# Thread: Partial derivative with exponential & product rule

1. ## Partial derivative with exponential & product rule

So I've been trying to solve this partial derivative with respect to either x or y but my answer (using the product rule) is way off of what the solutions manual is.

The original function is $f(x,y) = (x^2 + 4y^2) * e^(1-x^2-y^2)$

The solutions manual states the partial derivative with respect to x is $2xe^(1-x^2-y^2) * (1-x^2-4y^2)$ and the partial derivative with respect to y is $2ye^(1-x^2-y^2) * (4-x^2-4y^2)$.

The partial derivative with respect to xx is $2e^(1-x^2-y^2) * (1-5x^2+2x^4-4y^2+8x^2y^2)$ and respect to yy is $2e^(1-x^2-Y^2) * (4-x^2-20y^2+8y^4+2x^2y^2)$ and with respect to xy is $-4xye^(1-x^2-y^2) * (5-x^2-4y^2)$.
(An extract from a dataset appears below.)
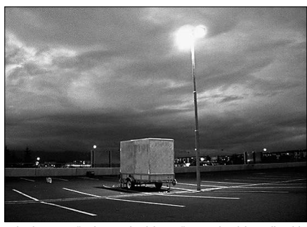
Mehr als 50 von KünstlerInnen betriebene Räume und Projekte stellen sich am Wochenende in der Akademie der Künste vor. Vom Wedding über Malzmö bei Reykiyok reicht das Netz, das die Internationale Gesellschaft der Bildenden Künste für „Art Swap Europe“ gesponnen hat. Neben einer Ausstellung gibt es Raum für Workshops und Gespräche. Samstag, 10 bis 20 Uhr, So 10.30 bis 14 Uhr, Hanseatenweg 10

Aedes Pfeiffering (# 2827015) Meeschen in Deutschland. Fotografien. Di-Fr 11-19, Sa+So 13-17 bis 16.10. Christenst. 18/19 Akademie der Künste (# 200572000) Notation, Kalkül und Form in den Künsten. Di-So 10-18 bis 16.11. Hanseatenweg 10 Arneunald E. V. (# 28046650) Transcultural Paranoia. Gruppenausstellung. Di-Fr 11-19, Sa 10-18 bis 31.10. Schumannstr. 68 artTransponder e. V. (# 30642400) Peace – Utopia or Real Space?. Weiterer Ausstellungsort: Projektraum Catalyst, Schumannstr. 34. Do 12-17, Fr+Sa 14-19 bis 2.11. Brunnenstr. 151 Berlinische Galerie (# 78902600) Berlin im Umbruch – Aus der Sammlung Kunst in Berlin. Neuorganisation der Sammlung. Mi-Wo 10-18 bis 31.12. Alte Jakobstr. 124-128 daadlerle (# 2613640) Shinobuku: Sea, Sky, Language and So On. Mi-Sa 10-18 bis 11.10. Zimmerstr. 90/91 Dune Berlin (# 7592302) Grit Hachmeister: Vom Himmel gelandet. Di-Sa 11-18 bis 18.10. Invalidenstr. 90 Edition Block (# 32304069) Ich keime kein Weckend – Beuys & Block: die gemeinsamen Editionen 1966-1986. Di-Sa 11-18 bis 6.11. Heidestr. 50 Galerie Davide Gallo (# 30607269) The Distance to the Sun. Videos. Di-Sa 14-19 bis Oktober-Linien: 156 Galerie Gillian Martin (# 20279214) Magdalena von Rudy: Untold Stories. Di-Sa 13-18 bis 6.11. Brunnenstr. 3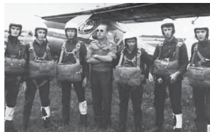
Spadochronowe Mistrzostwa Pomorza – Bydgoszcz 1964 r.

Is there a special way to using the product rule (and quotient rule for that matter) as far as partial derivatives go outside of holding the variable constant that you're not taking the derivative with respect to?

2. When you treat it the same as always, the product rule holds in Partial Derivatives:

We have:

$z = f(x,y) = (x^2 + 4y^2)e^{(1 - x^2 - y^2)}$

We need to find:

$\frac{\partial z}{\partial x} = 2xe^{(1 - x^2 - y^2)} - 2xe^{(1 - x^2 - y^2)}(x^2 + 4y^2)$

Factor out a $2xe^{(1 - x^2 - y^2)}$:

$\frac{\partial z}{\partial x} = 2xe^{(1 - x^2 - y^2)}(1 - (x^2 + 4y^2))$

$\frac{\partial z}{\partial x} = 2xe^{(1 - x^2 - y^2)}(1 - x^2 - 4y^2)$

And it's the same method for $\frac{\partial z}{\partial y}$.

Hope that helped.